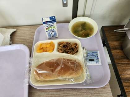 本日の給食は、じゃがいものミートグラタン、レタスのスープ、みかん(缶)でした。じゃがいものミートグラタンは、みんな大好きという味でした。パンには、ブルーベリージャムもついていておいしかったです。
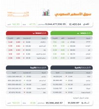 صراحة – واس : أغلق مؤشر الأسهم السعودية الرئيس اليوم منخفضًا 23.99 نقطة ليقفل عند مستوى 12415.49 نقطة, وبتداولات بلغت…
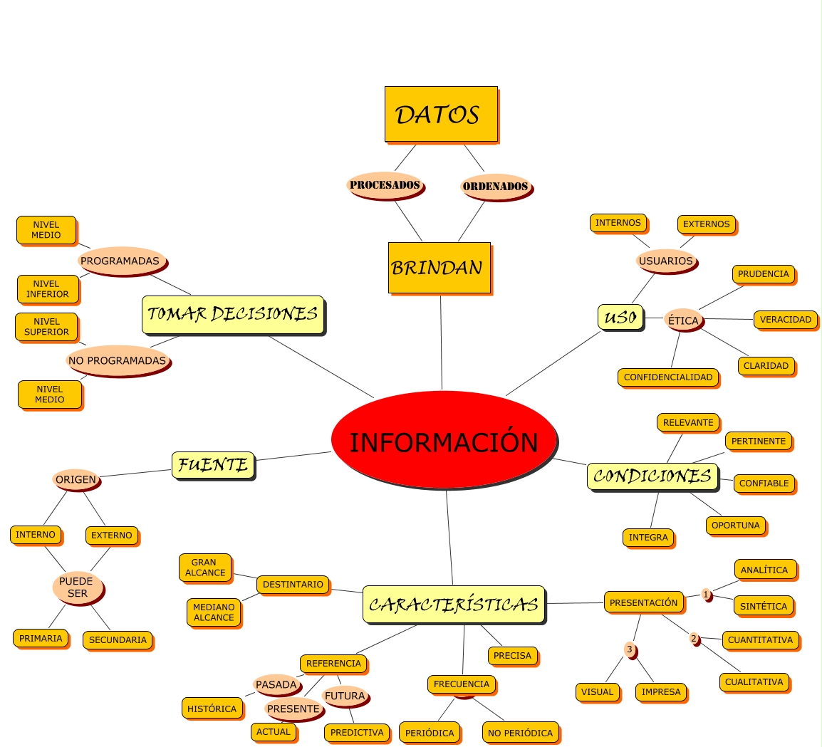 Este Cmap, tiene información relacionada con: LA INFORMACIÓN, REFERENCIA PASADA HISTÓRICA, PRESENTACIÓN 3 IMPRESA, CARACTERÍSTICAS ???? PRECISA, FUENTE ORIGEN INTERNO, PRESENTACIÓN 2 CUALITATIVA, BRINDAN INFORMACIÓN CONDICIONES, USO USUARIOS INTERNOS, DESTINTARIO ???? GRAN ALCANCE, BRINDAN INFORMACIÓN CARACTERÍSTICAS, USO ÉTICA PRUDENCIA, CARACTERÍSTICAS ???? PRESENTACIÓN, CARACTERÍSTICAS ???? DESTINTARIO, FRECUENCIA ???? NO PERIÓDICA, CONDICIONES ???? INTEGRA, PRESENTACIÓN 1 ANALÍTICA, TOMAR DECISIONES NO PROGRAMADAS NIVEL MEDIO, USO ÉTICA VERACIDAD, TOMAR DECISIONES PROGRAMADAS NIVEL INFERIOR, PRESENTACIÓN 1 SINTÉTICA, BRINDAN ORDENADOS DATOS
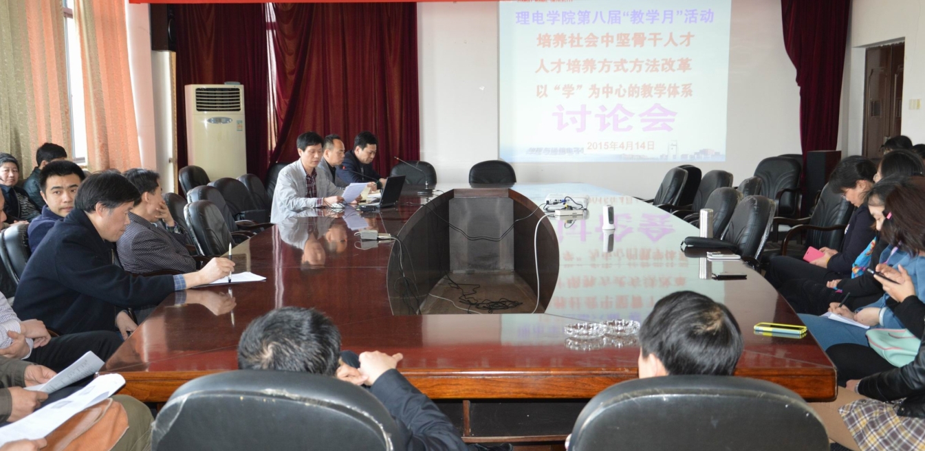 为进一步深化教育教学改革,提升人才培养质量,全面贯彻落实学校本科教学工作会议精神和本科教学工作要点,提升人才培养质量,更好的调动我院广大教师教书育人的积极性,进一步培养教师严谨治教、爱岗敬业精神,提高教学水平,理电学院积极响应学校举行的第八届“教学月”活动通知要求。2015年4月14日下午,在先骕楼1204会议室组织召开第八届“教学月”活动动员大会。
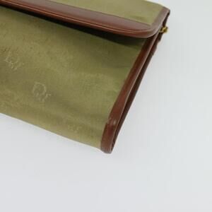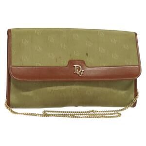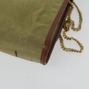 DIOR Chain Shoulder Bag Nylon Leather Beige Gold
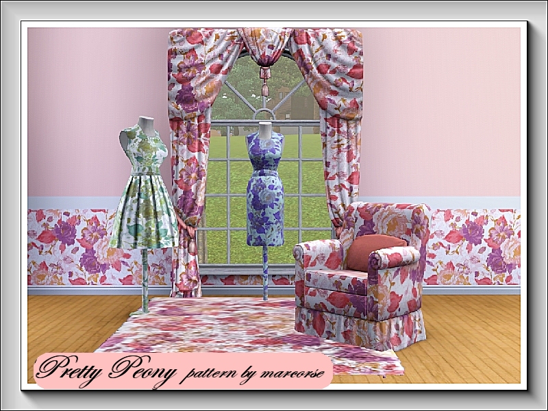Traditional wallpaper pattern featuring double and single peonies in pink/red tones. 3 palettes recolour. Found in Fabric.
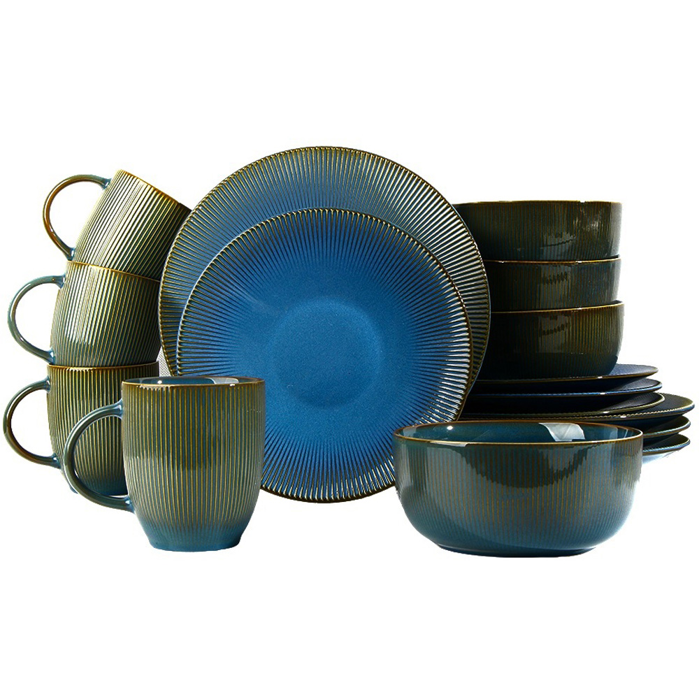 Waterside Reactive Glaze Blue 16 Piece Dinner Set
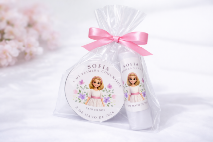 Pack personalizado con bálsamo labial y espejo, compacto y práctico para llevar en el bolso. Un detalle original y funcional, ideal como recuerdo para invitadas en cualquier celebración.
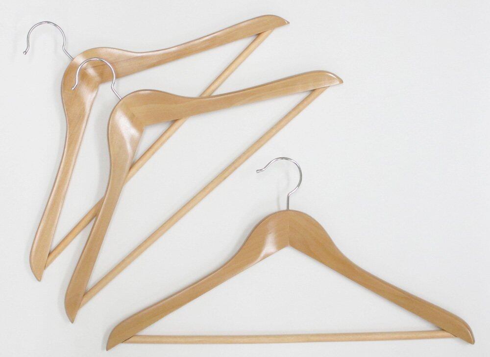 サワフジ 洋服ハンガー 木製ハンガー3本組 幅440mm スラックス パンツ ズボン スーツ 天然木 薄型 北欧 掛け クローゼット 収納 頑丈 洗濯 物干し 部屋干し 室内 小物 タオル 衣類 HW-45-3P | BASE SHOP
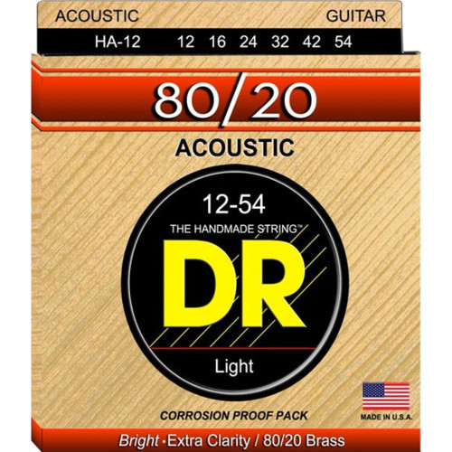 DR HA12 HiBeam 80/20, akustik gitarlar için özel olarak üretilmiş bir tel setidir. Light kalınlıkta (12–54) olan bu set, 80/20 bronz sarım ve heksagonal (altıgen) çekirdek yapısı ile öne çıkar. Geleneksel ton rengini ve güçlü sahne projeksiyonunu bir araya getirerek, pek çok akustik tarz için güvenilir bir seçenek sunar.
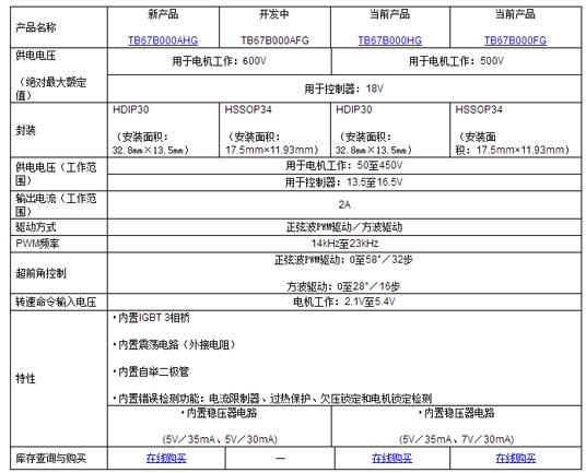 東芝最新開發的600V TB67B000AHG驅動器IC與現有的500V TB67B000HG引腳兼容,可以輕松替換。此外,東芝還在開發更緊湊的“TB67B000AFG”版本,采用小型34引腳HSSOP[1]封裝,該產品將于2019年11月上市。
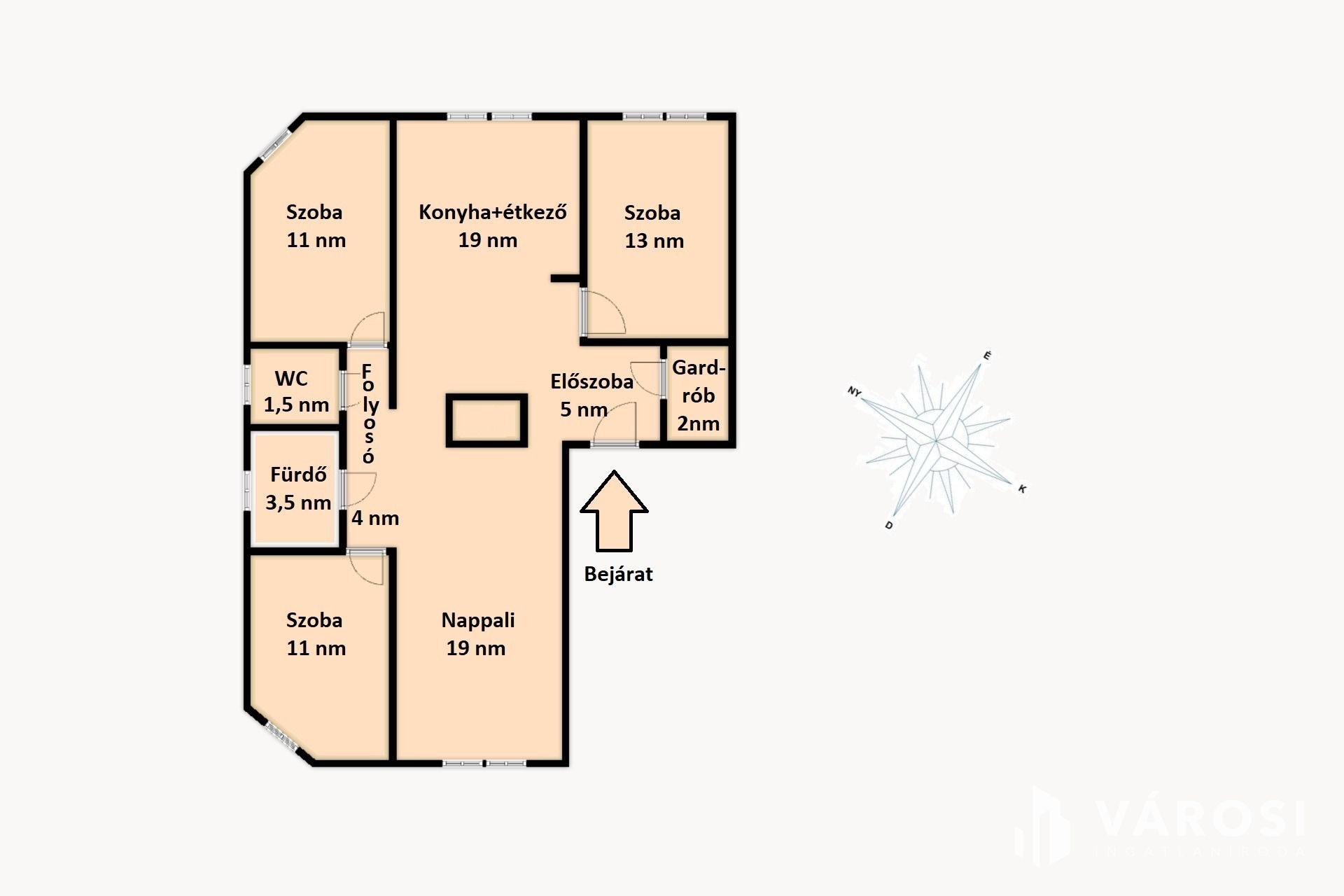 A nappali és a szobák laminált parkettával burkoltak, míg a konyha és a vizes helyiségek kerámia lap burkolatot kaptak.
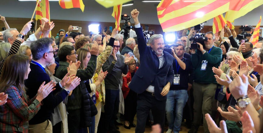 Felicidad a medias ante una victoria electoral a medias. Es la sensación con la que se queda el Partido Popular tras ganar las elecciones de Aragón con un 34% de los votos. Pese a ser la fuerza más votada, el PP sabe que el efecto buscado por el presidente autonómico Jorge Azcón al convocar las elecciones ha estado muy lejos de cumplirse, quedándose a ocho escaños de la ansiada mayoría absoluta.
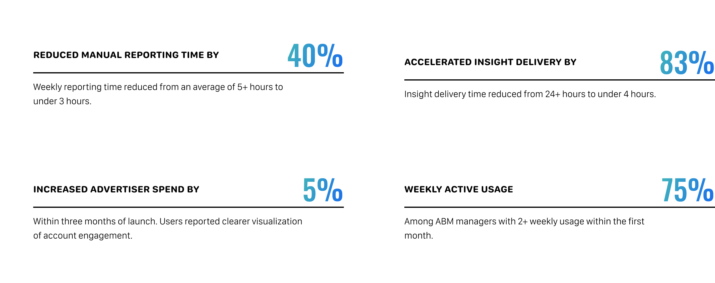 Among ABM managers with 2+ weekly usage within the first month.

WORK INSTRUCTION. Write the lines out again exactly, beginning at the one containing "Felicidad a medias" and ending with the last line of the entries, but without any pictures.

RESPONSE.
 Felicidad a medias ante una victoria electoral a medias. Es la sensación con la que se queda el Partido Popular tras ganar las elecciones de Aragón con un 34% de los votos. Pese a ser la fuerza más votada, el PP sabe que el efecto buscado por el presidente autonómico Jorge Azcón al convocar las elecciones ha estado muy lejos de cumplirse, quedándose a ocho escaños de la ansiada mayoría absoluta.
 Among ABM managers with 2+ weekly usage within the first month.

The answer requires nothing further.